MRI supervised and unsupervised classification of Parkinson's disease and multiple system atrophy.

BACKGROUND: Multimodal MRI approach is based on a combination of MRI parameters sensitive to different tissue characteristics (eg, volume atrophy, iron deposition, and microstructural damage). The main objective of the present study was to use a multimodal MRI approach to identify brain differences that could discriminate between matched groups of patients with multiple system atrophy, Parkinson's disease, and healthy controls. We assessed the 2 different MSA variants, namely, MSA-P, with predominant parkinsonism, and MSA-C, with more prominent cerebellar symptoms.

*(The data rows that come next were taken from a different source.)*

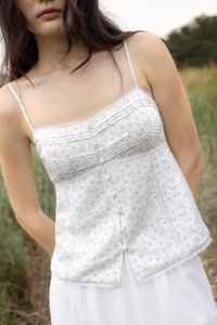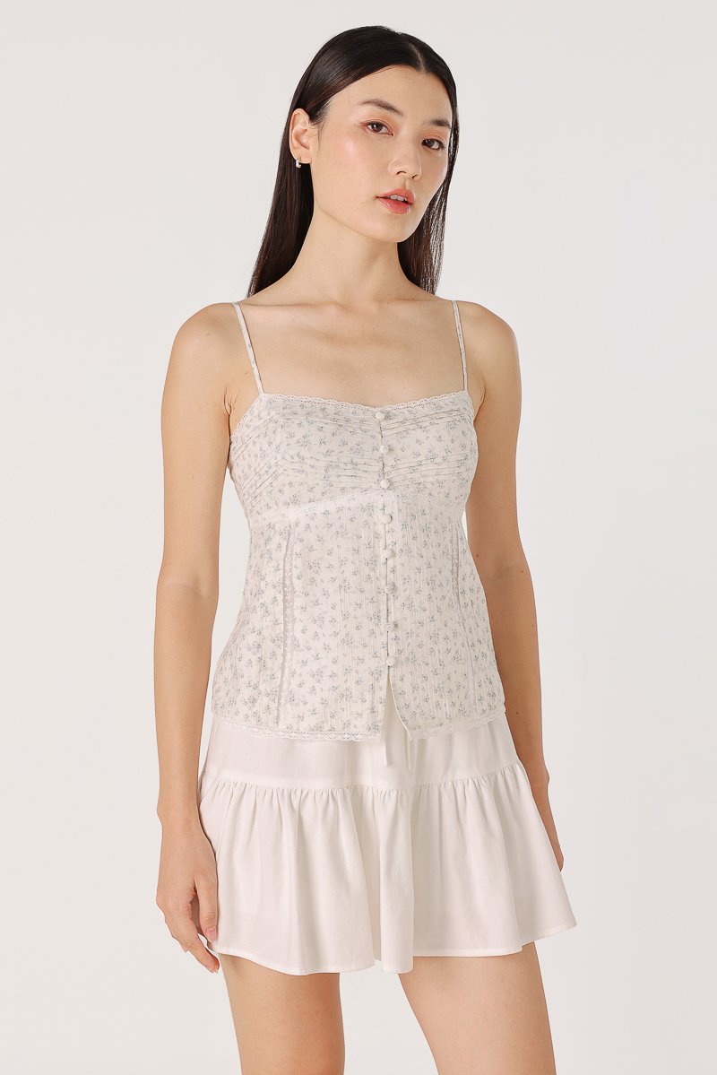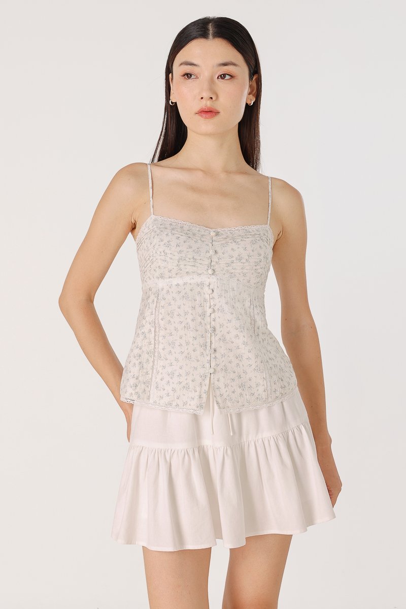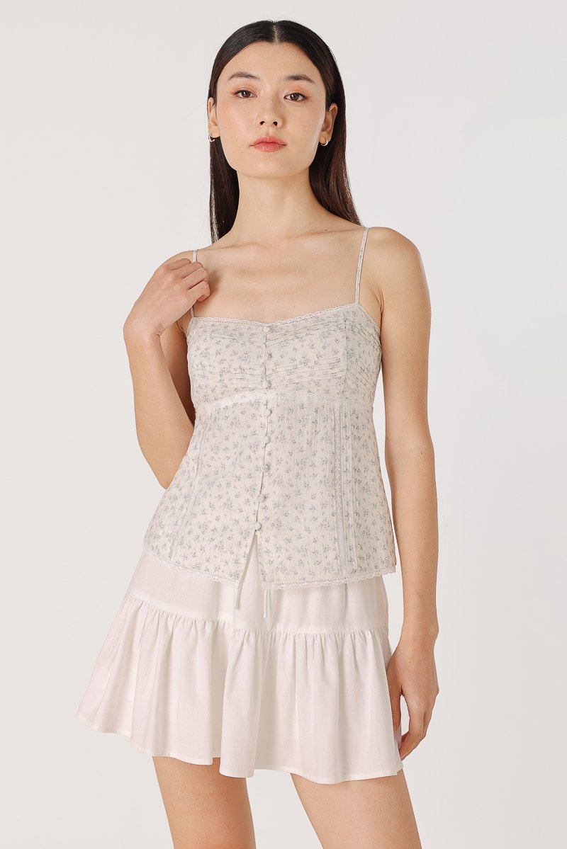DILYENNE PADDED LACE TRIM PINTUCK BUTTON TOP (BLUE FLORAL)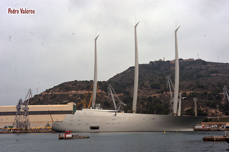 Sailing Yatch A, considerado como uno de los más grandes yates asistido con vela del mundo, vuelve a estar estos días en aguas de la dársena de Cartagena, en las instalacines de Navantia, donde suele llevar a cabo los chequeos. Tiene bandera de Bermudas y su eslora alcanza los 142,81 metros de longitud.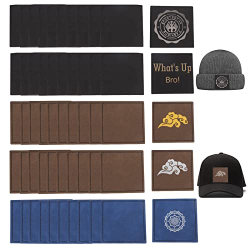 50 st lasergraverade fyrkantiga lappar i konstläder, 6,5 cm x 6,5 cm självhäftande 3 m lim läderlapp, hatt kläder väska lappdekoration, för atomstack/skulpfun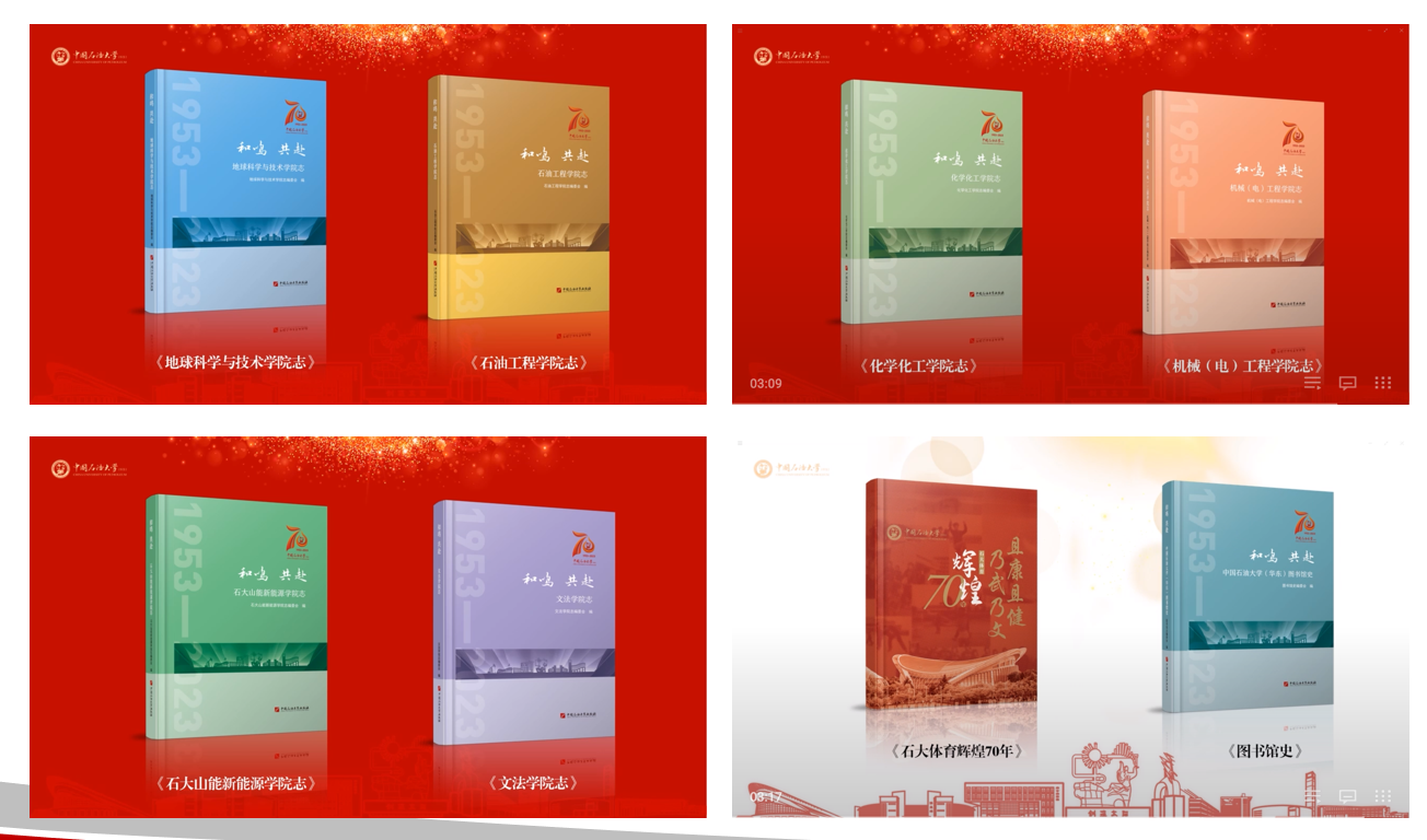 数字档案资源在学校70周年校庆、历史文化丛书编纂、学校文化建设等方面发挥了基础和支撑作用。档案馆牵头编写《437ccm·必赢国际校史》《征程——437ccm·必赢国际(华东)年谱(1953-2023)》以及《风雅石大——437ccm·必赢国际(华东)校藏书画精品》等总字数达188万字的多部著作;协调推动了9部系列院史的编纂工作。提供了全方位的档案资料支持、历史照片以及编写咨询服务等;为学校纪录片拍摄、师生风采展演等校庆活动提供多元档案资源服务。

METHODS: Twenty-six PD patients, 29 MSA patients (16 MSA-P, 13 MSA-C), and 26 controls underwent 3-T MRI comprising T2*-weighted, T1-weighted, and diffusion tensor imaging scans. Using whole-brain voxel-based MRI, we combined gray-matter density, T2* relaxation rates, and diffusion tensor imaging scalars to compare and discriminate PD, MSA-P, MSA-C, and healthy controls.
RESULTS: Our main results showed that this approach reveals multiparametric modifications within the cerebellum and putamen in both MSA-C and MSA-P patients, compared with PD patients. Furthermore, our findings revealed that specific single multimodal MRI markers were sufficient to discriminate MSA-P and MSA-C patients from PD patients. Moreover, the unsupervised analysis based on multimodal MRI data could regroup individuals according to their clinical diagnosis, in most cases.
CONCLUSIONS: This study demonstrates that multimodal MRI is able to discriminate patients with PD from those with MSA with high accuracy. The combination of different MR biomarkers could be a great tool in early stage of disease to help diagnosis.